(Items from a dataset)
============================================================
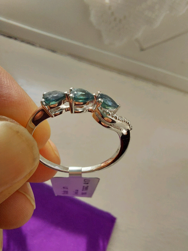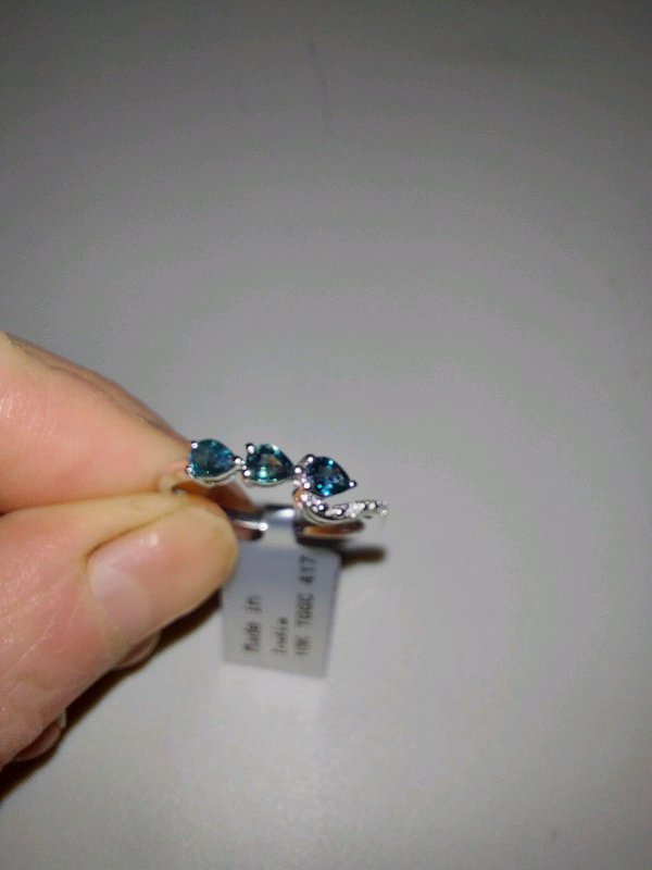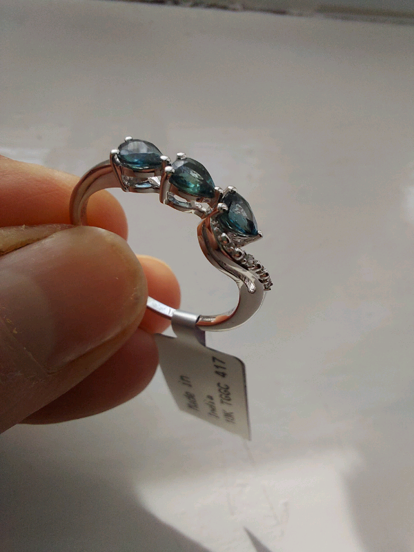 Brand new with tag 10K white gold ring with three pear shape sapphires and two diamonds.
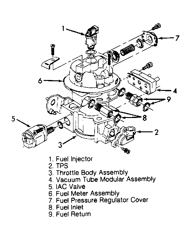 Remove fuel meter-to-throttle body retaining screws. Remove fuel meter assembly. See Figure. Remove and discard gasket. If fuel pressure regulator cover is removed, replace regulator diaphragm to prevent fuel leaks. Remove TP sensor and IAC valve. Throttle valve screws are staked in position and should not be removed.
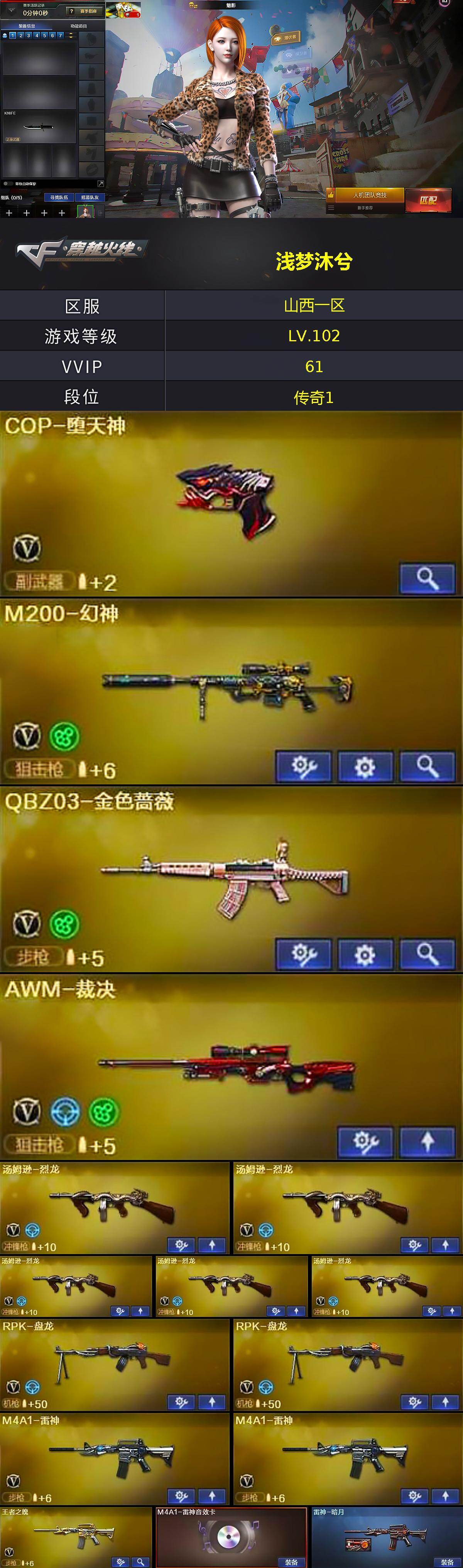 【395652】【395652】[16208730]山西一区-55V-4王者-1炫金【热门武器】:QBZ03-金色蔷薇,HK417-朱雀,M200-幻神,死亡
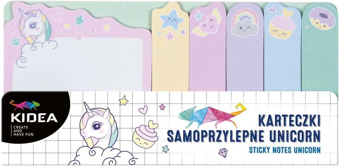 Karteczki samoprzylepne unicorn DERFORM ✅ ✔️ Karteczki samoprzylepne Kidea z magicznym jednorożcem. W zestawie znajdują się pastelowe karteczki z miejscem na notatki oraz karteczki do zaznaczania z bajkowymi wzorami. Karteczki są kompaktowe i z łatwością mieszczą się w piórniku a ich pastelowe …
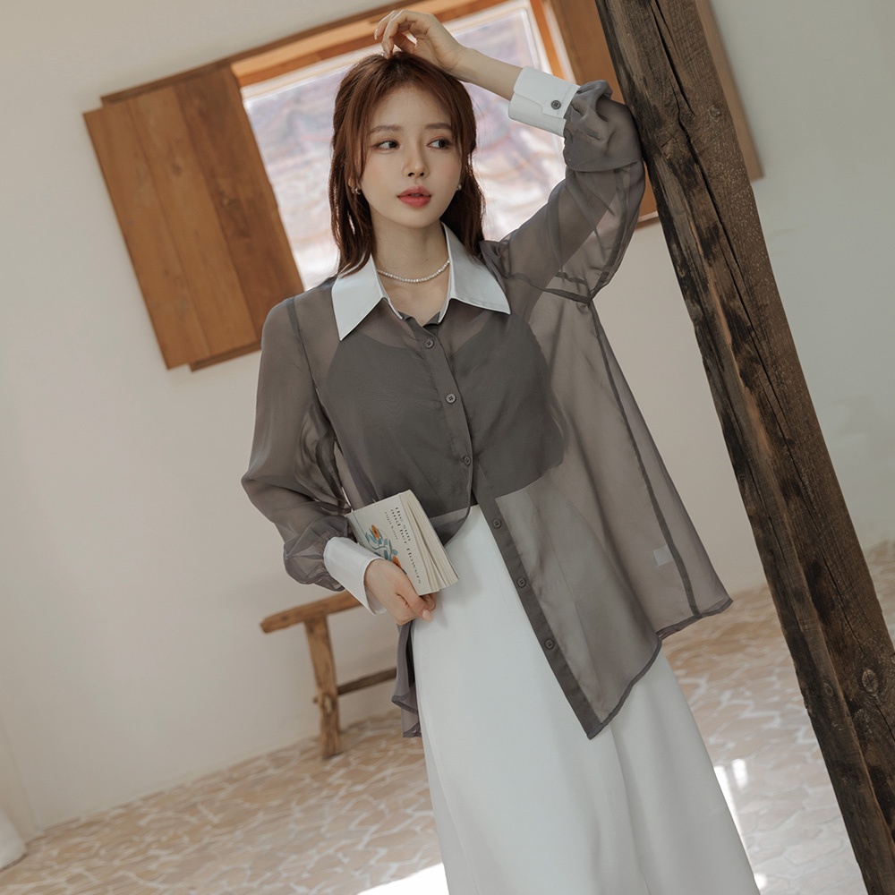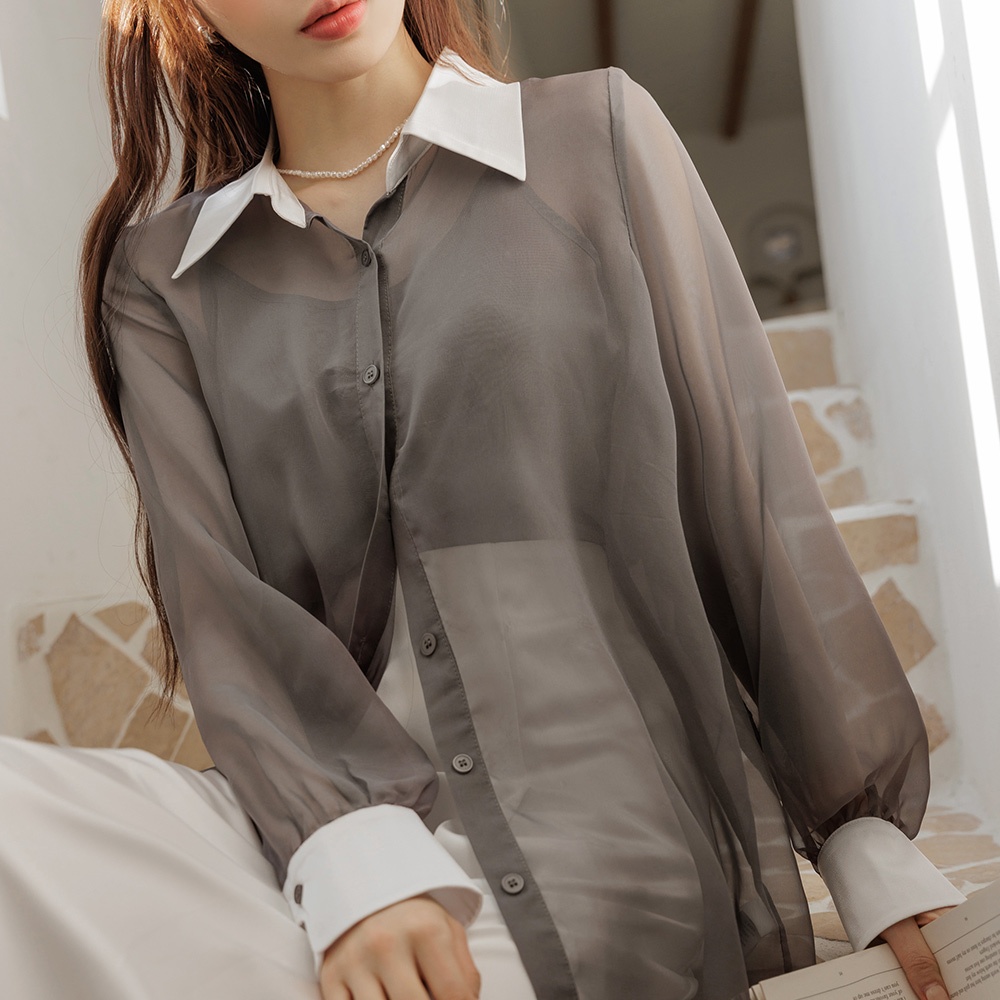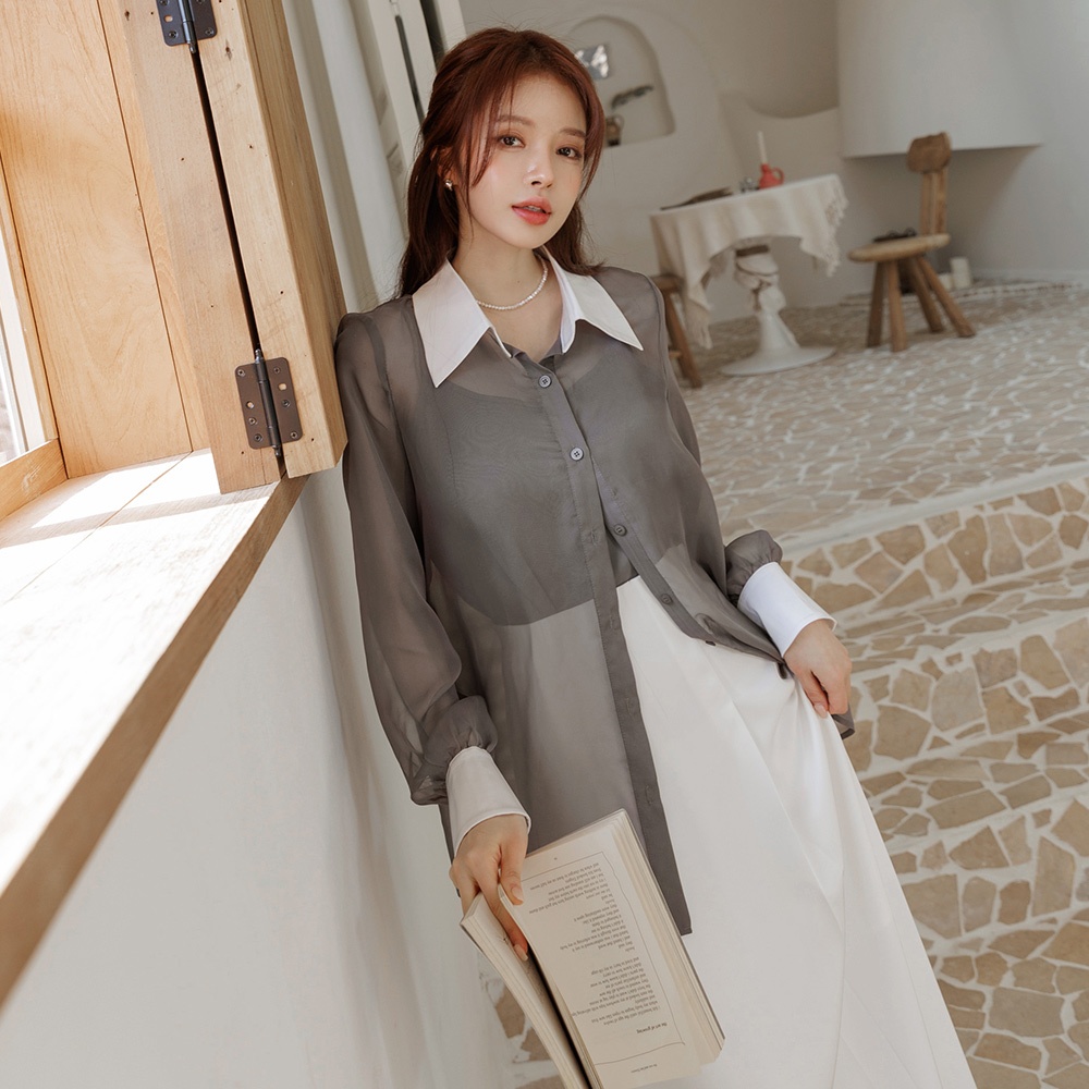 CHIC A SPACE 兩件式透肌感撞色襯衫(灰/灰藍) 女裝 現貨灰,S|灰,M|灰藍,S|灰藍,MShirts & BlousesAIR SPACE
============================================================
▸ Work task
Restate word for word the lines from the line with "Karteczki samoprzylepne unicorn" to the last line of the records above, inclusive, and omit every picture.

▸ Reply to the task
 Karteczki samoprzylepne unicorn DERFORM ✅ ✔️ Karteczki samoprzylepne Kidea z magicznym jednorożcem. W zestawie znajdują się pastelowe karteczki z miejscem na notatki oraz karteczki do zaznaczania z bajkowymi wzorami. Karteczki są kompaktowe i z łatwością mieszczą się w piórniku a ich pastelowe …
 CHIC A SPACE 兩件式透肌感撞色襯衫(灰/灰藍) 女裝 現貨灰,S|灰,M|灰藍,S|灰藍,MShirts & BlousesAIR SPACE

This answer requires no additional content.